Мариана опустила голову. Похоже, и к ней правильные слова не торопились. Наконец, явно через силу, выдавила:
– Я не хочу быть твоей женой. Мне жаль, что я не сказала этого раньше. Я… я испугалась.
Ферхади вздохнул: что ж, вот и все. Твоей она не станет, хоть из шкуры вывернись. Поздно, с чистого листа уже не начать. Выкинь из головы ее прохладную кожу под твоими ладонями, и шелк золотых волос, и так забавно краснеющие уши. Думай о другом. Думай о ее жизни – и о жизнях тех, кто тебя любит.

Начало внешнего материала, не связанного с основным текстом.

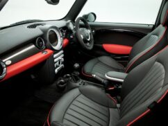 The interior colour comes in black overlaid by subtle red touches. The full leather sports seats come in black with red piping and the red theme is perpetuated with co-ordinating red knee-rolls, armrests and red stitching on the floor mats, gearshift & handbrake gaiters. Fascia, and door grip finishers continue the carbon-fibre theme, as does the John Cooper Works insert on the Sports Steering Wheel, which has an Alcantara rim.
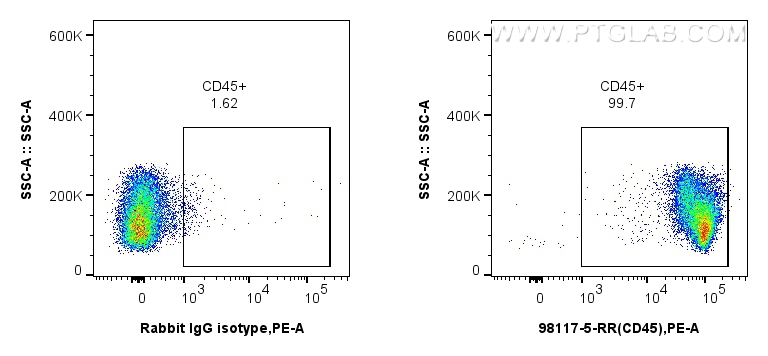 98117-5-RR targets CD45 in FC applications and shows reactivity with human, monkey, non-human primates samples.
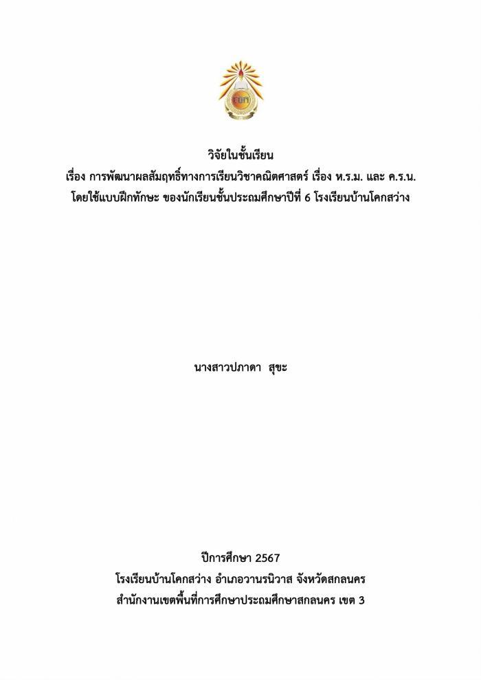 การพัฒนาผลสัมฤทธิ์ทางการเรียนวิชาค.ิตศาสตร์ เรื่อง ห.ร.ม. และ ค.ร.น. โดยใช้แบบฝึกทักษะ ของนักเรียนชั้นประถมศึกษาปีที่ 6 โรงเรียนบ้านโค.สว่าง : ปภาดา สุขะ
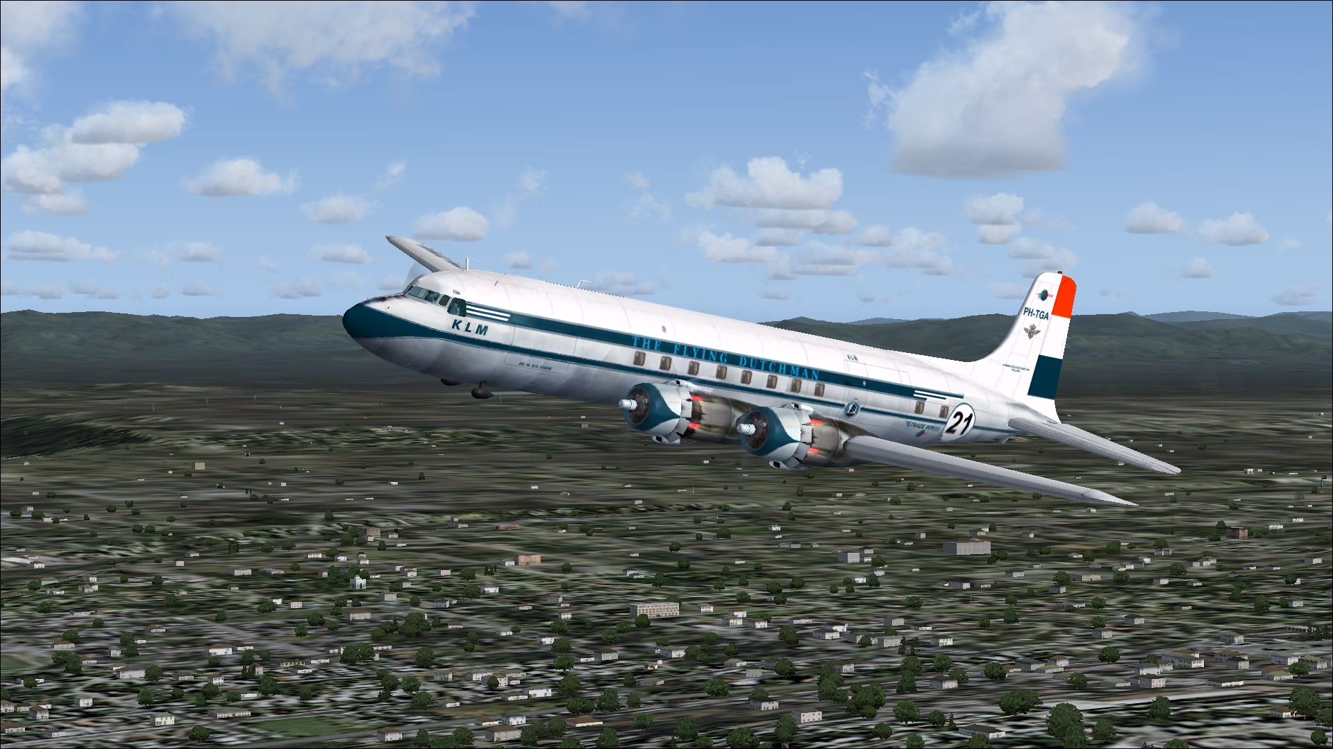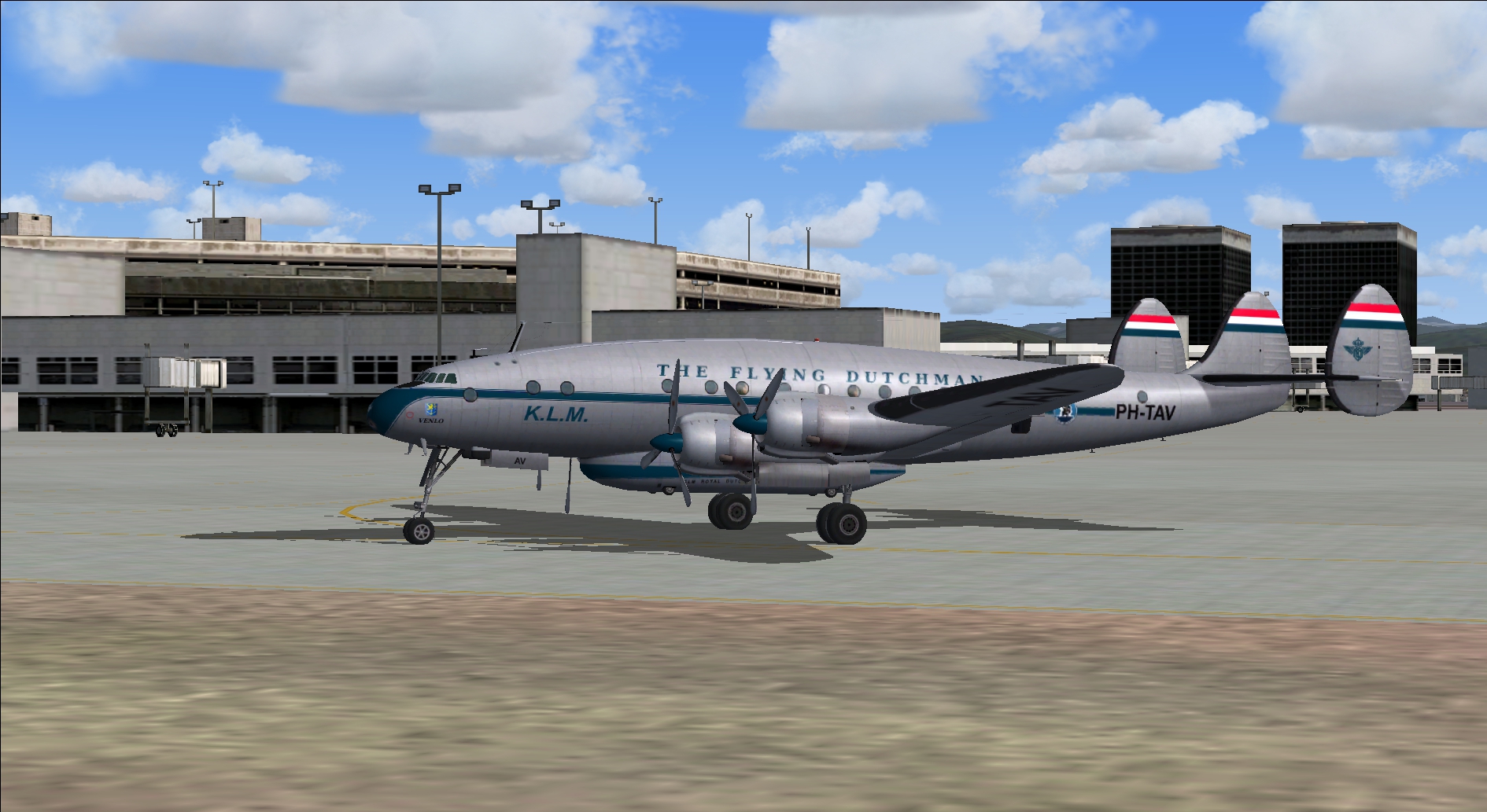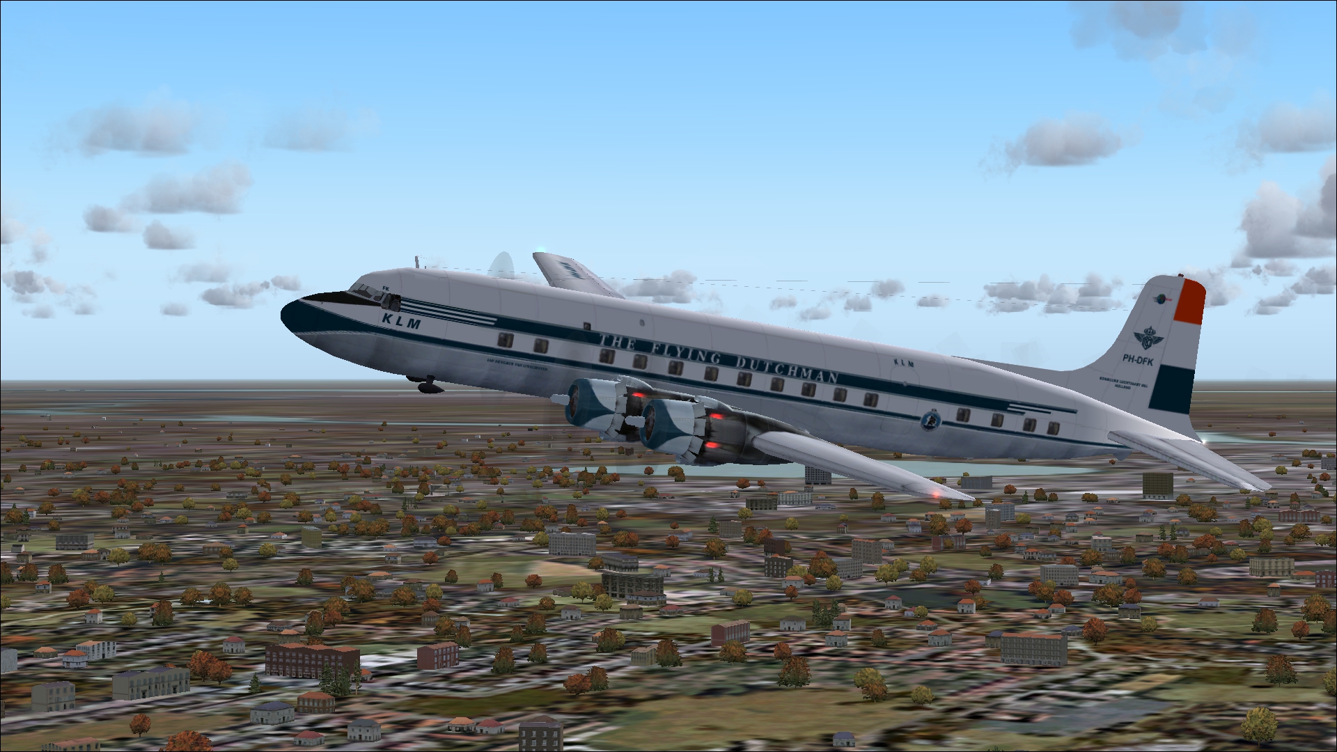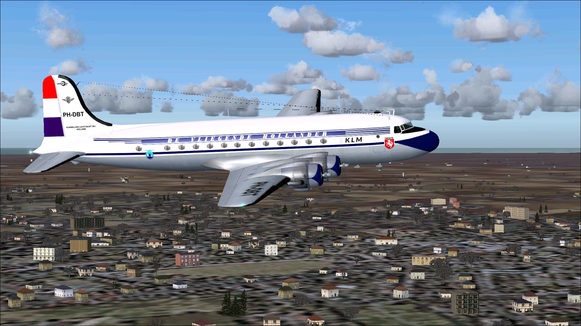 The PH-TAT is one of the six immediately after WII purchased DC 4-1009's, and was delivered in March 1946. With this plane the Amsterdam-New York service was restored. It also had been a number of years in service with the Caribbean subsidiary of KLM as PJ-TAT.In 1954 it got the registration PH DBT. In June 1958 it was sold to Air France. It had two different liveries. In 1954 it had on the left "The Flying Dutchman" and on the right in Dutch "De Vliegende Hollander" on the fuselage. These repaints are part of the download:Douglas DC-4 Dutch Pack for FS2004 and FSX.

– В присутствии Гилы, одной из своих старших жен, я обещаю и клянусь в том, что мой брак с тобой, Мариана, не является действительным. Я обещаю и клянусь, что не прикоснусь к тебе как муж и не потребую от тебя ничего, как от жены. Я обещаю и клянусь подтвердить недействительность нашего брака в храме при свидетелях. Отныне ты гостья в моем доме.
– И я, – Мариана сглотнула, – могу уйти? Уехать?
– А вот этого, – медленно, взвешивая каждое слово, ответил Ферхад иль-Джамидер, – ты не можешь. Сядь, Мариана. Это был еще не разговор: не тот разговор, ради которого я привел тебя туда, где нас нельзя подслушать.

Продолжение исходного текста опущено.